[Records supplied]:
*** Begin section ***

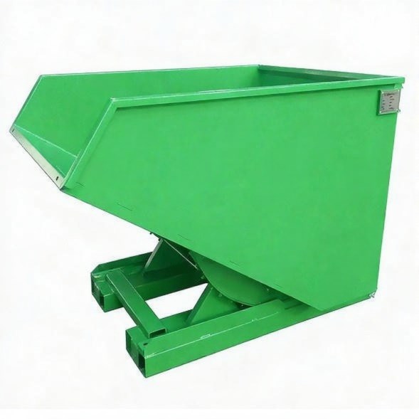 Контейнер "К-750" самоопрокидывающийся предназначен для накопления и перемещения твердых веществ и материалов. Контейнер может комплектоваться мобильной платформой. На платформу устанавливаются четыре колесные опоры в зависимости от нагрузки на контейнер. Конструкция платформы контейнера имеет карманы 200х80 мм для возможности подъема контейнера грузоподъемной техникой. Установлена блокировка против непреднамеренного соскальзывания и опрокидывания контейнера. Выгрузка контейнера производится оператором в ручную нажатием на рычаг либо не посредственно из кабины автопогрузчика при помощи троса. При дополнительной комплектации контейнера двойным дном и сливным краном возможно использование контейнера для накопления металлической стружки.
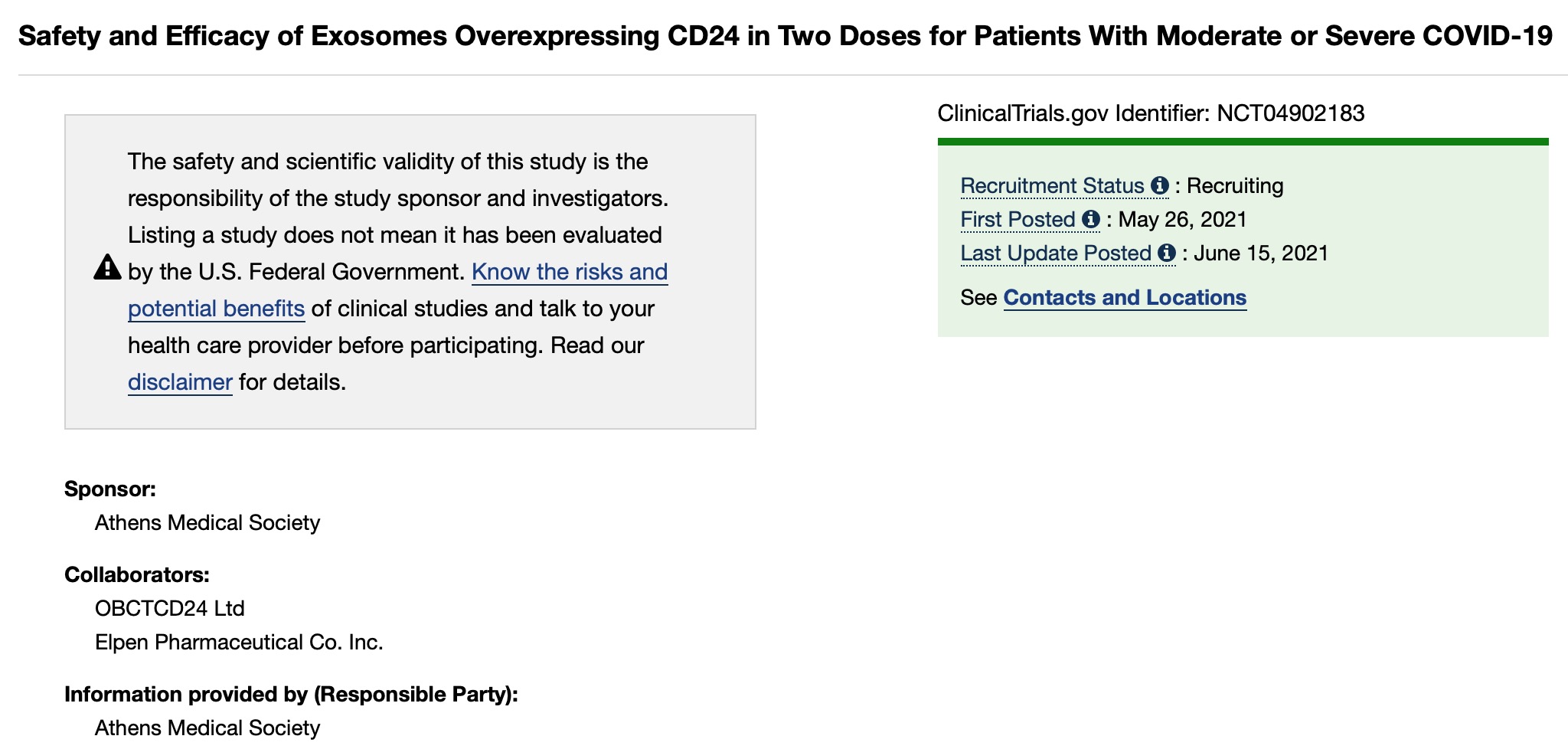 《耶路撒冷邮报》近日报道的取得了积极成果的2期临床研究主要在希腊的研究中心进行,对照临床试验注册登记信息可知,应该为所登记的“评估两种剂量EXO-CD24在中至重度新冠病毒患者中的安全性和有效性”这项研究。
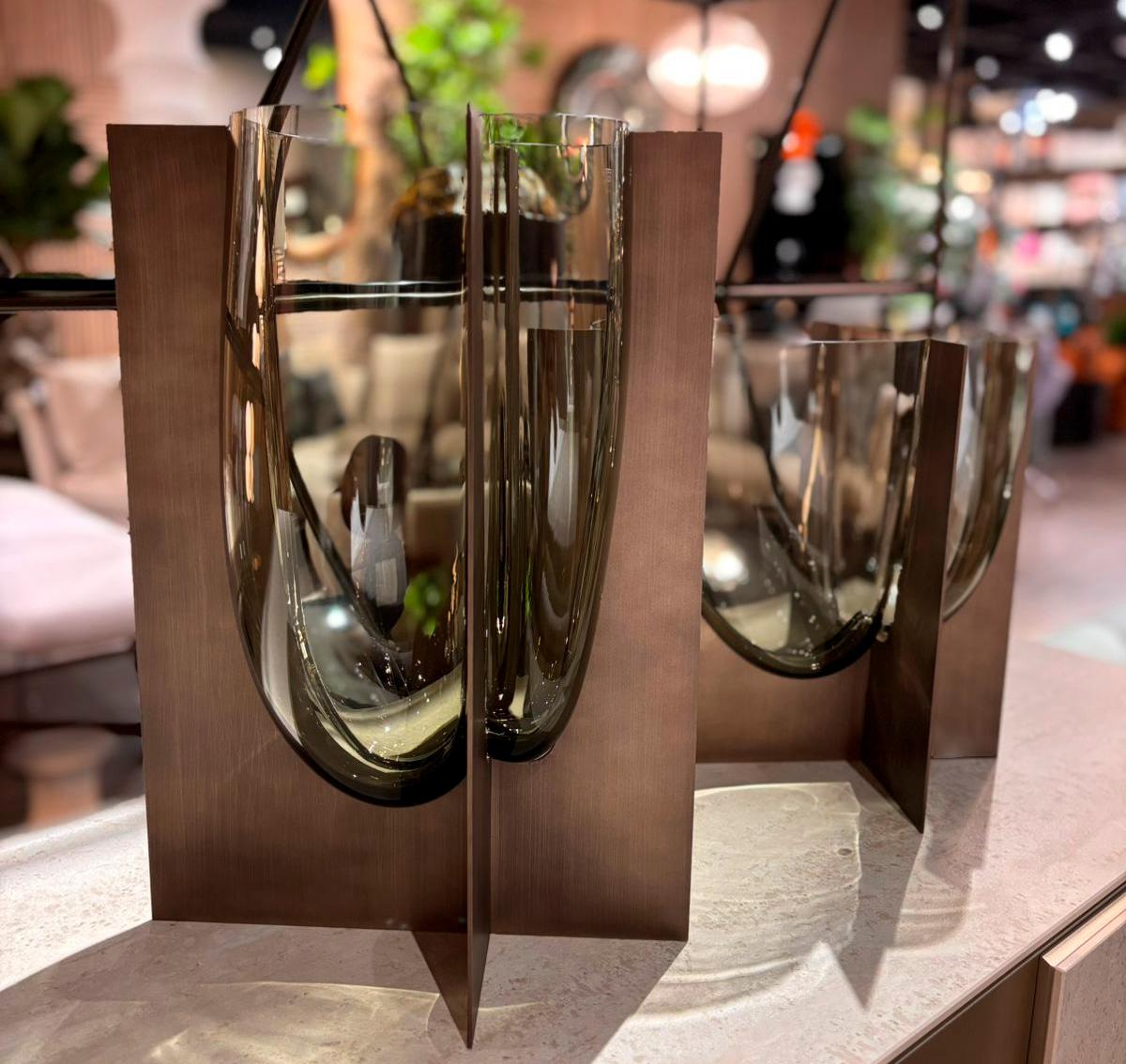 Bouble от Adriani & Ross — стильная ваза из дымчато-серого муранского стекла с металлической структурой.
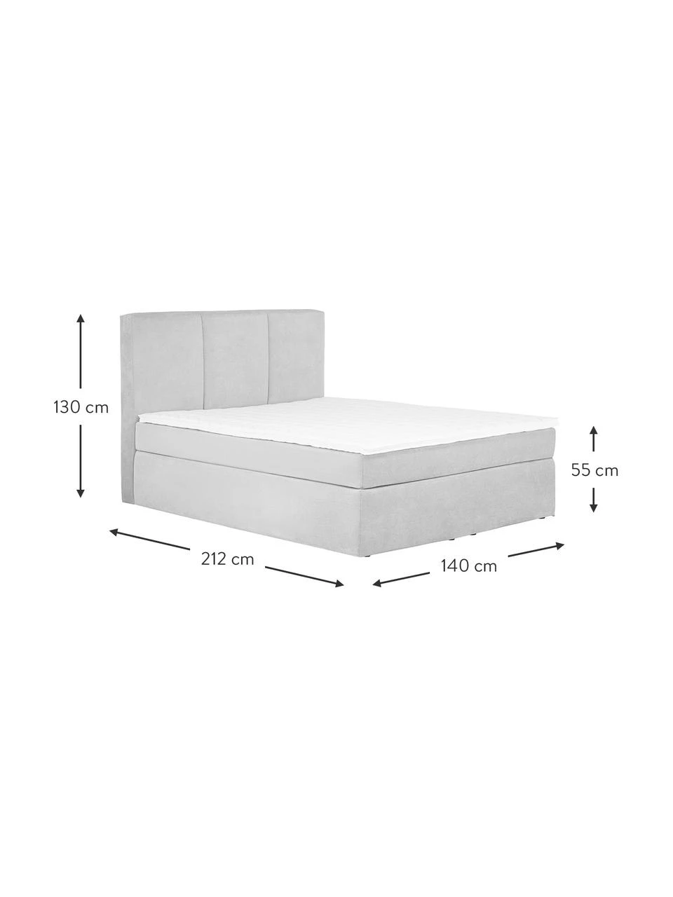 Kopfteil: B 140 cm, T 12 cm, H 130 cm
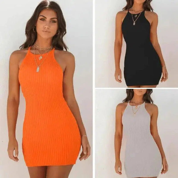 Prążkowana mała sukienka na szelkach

*** End section ***
*** Begin section ***

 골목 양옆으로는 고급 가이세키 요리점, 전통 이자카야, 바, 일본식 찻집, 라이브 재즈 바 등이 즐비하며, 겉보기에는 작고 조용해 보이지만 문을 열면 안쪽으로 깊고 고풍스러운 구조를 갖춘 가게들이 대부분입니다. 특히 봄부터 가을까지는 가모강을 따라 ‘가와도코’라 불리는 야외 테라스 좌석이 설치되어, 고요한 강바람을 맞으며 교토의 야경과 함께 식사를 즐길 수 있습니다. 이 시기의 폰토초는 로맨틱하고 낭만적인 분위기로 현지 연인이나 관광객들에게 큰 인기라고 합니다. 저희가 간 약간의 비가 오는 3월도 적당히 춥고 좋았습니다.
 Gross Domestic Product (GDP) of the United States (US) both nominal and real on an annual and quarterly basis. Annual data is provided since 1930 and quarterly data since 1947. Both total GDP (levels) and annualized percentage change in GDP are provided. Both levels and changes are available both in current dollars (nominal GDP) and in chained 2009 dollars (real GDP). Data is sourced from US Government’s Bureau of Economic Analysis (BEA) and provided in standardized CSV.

*** End section ***

[Description of the task]:
Where a picture appears in the records above, omit it, and transcribe exactly the stretch of lines from the one with "Bouble от Adriani" through the one with "Prążkowana mała sukienka na szelkach".

[Written reply]:
 Bouble от Adriani & Ross — стильная ваза из дымчато-серого муранского стекла с металлической структурой.
 Kopfteil: B 140 cm, T 12 cm, H 130 cm
 Prążkowana mała sukienka na szelkach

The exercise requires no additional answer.